Two of the U.S. destroyers met a sudden demise. Either Nagara or the destroyers Teruzuki and Yukikaze came upon the drifting Cushing and pounded her with gunfire, knocking out all of her systems. Unable to fight back, Cushing’s crew abandoned ship. Cushing sank several hours later. Laffey, having escaped from her engagement with Hiei, suddenly encountered Asagumo, Murasame, Samidare, and, perhaps, Teruzuki. The Japanese destroyers pounded the Laffey with gunfire and then hit her with a torpedo which broke her keel. A few minutes later fires reached her ammunition magazines and she blew up and sank.

Portland, after helping sink Akatsuki, was hit by a torpedo from Inazuma or Ikazuchi, causing heavy damage to her stern and forcing her to steer in a circle. After completing her first loop, she was able to fire four salvos at Hiei but otherwise took little further part in the battle.

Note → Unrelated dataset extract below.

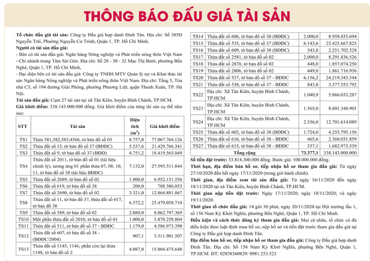 (BĐT) - Công ty Đấu giá Hợp danh Đỉnh Tân thông báo đấu giá tài sản vào ngày 20/11/2020 do Ngân hàng Agribank Chi nhánh Trung tâm Sài Gòn và Công ty TNHH MTV Quản lý nợ và Khai thác tài sản Agribank ủy quyền như sau:
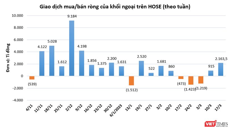 Trong tuần vừa qua, dưới ảnh hưởng tích cực của quỹ Fubon, khối ngoại duy trì mua ròng trên sàn HOSE, với giá trị mua đạt 9.676,9 tỉ đồng, giá trị bán 7.513,3 tỉ đồng, tương ứng giá trị mua ròng 2.163,5 tỉ đồng.

Yudachi and Amatsukaze independently charged the rear five ships of the U.S. formation. Two torpedoes from Amatsukaze hit Barton, immediately sinking her with heavy loss of life. Yudachi planted a torpedo in Juneau, stopping Juneau dead in the water, breaking her keel, and knocking out most of her systems. Juneau then turned east and slowly crept out of the battle area.

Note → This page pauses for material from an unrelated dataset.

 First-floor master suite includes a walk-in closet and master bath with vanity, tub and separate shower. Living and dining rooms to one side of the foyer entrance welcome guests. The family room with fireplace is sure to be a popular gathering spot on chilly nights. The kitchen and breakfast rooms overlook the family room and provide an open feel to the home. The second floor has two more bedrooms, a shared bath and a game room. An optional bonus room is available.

Monssen avoided the wreck of Barton and motored onward looking for targets. She was accosted by Asagumo, Murasame, and Samidare who had just finished blasting Laffey. They proceeded to smother Monssen with gunfire, damaging her severely and forcing the crew to abandon ship. The ship sank sometime later.


----------



## syscom3 (Nov 12, 2007)

Amatsukaze approached the San Francisco with the intention of finishing her off. However, while concentrating on San Francisco, Amatsukaze did not notice the approach of Helena which fired several full broadsides at Amatsukaze from close range and knocked her out of the action. The heavily damaged Amatsukaze escaped under cover of a smoke screen and while Helena was distracted by an attack by Asagumo, Murasame, and Samidare.

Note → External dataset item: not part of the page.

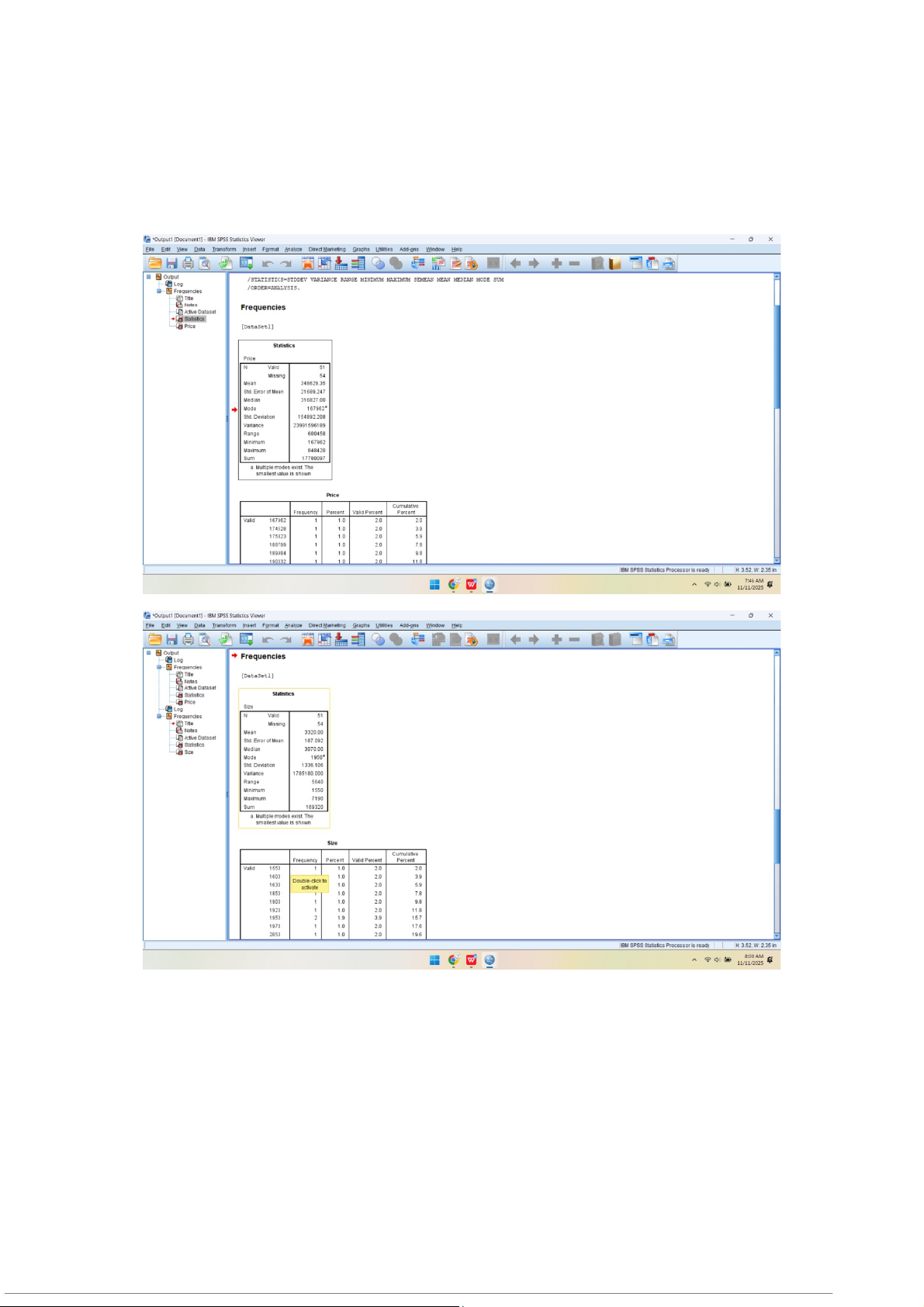 Statistic-> Frequency-> Ấn Statistic-> chọn các chỉ tiêu thống kê-> ấn OK ra được phần dữ liệu trên. Với biến Price: Với biến Size

Aaron Ward and Sterett, independently searching for targets, both sighted Yudachi, who appeared unaware of the approach of the two U.S. destroyers. Both U.S. ships hit Yudachi simultaneously with gunfire and torpedoes, literally blasting her out of the water and forcing her crew to abandon ship. However, the ship did not sink right away. Continuing on her way, Sterett was suddenly ambushed by Teruzuki, heavily damaged, and forced to withdraw from the battle area to the east. Aaron Ward wound up in a one-on-one duel with Kirishima, which the destroyer lost with heavy damage. She also tried to retire from the battle area to the east but soon stopped dead in the water because the engines were damaged.

Robert Leckie, a Marine private on Guadalcanal, described the battle:
“ The star shells rose, terrible and red. Giant tracers flashed across the night in orange arches. ... the sea seemed a sheet of polished obsidian on which the warships seemed to have been dropped and were immobilized, centered amid concentric circles like shock waves that form around a stone dropped in mud.	”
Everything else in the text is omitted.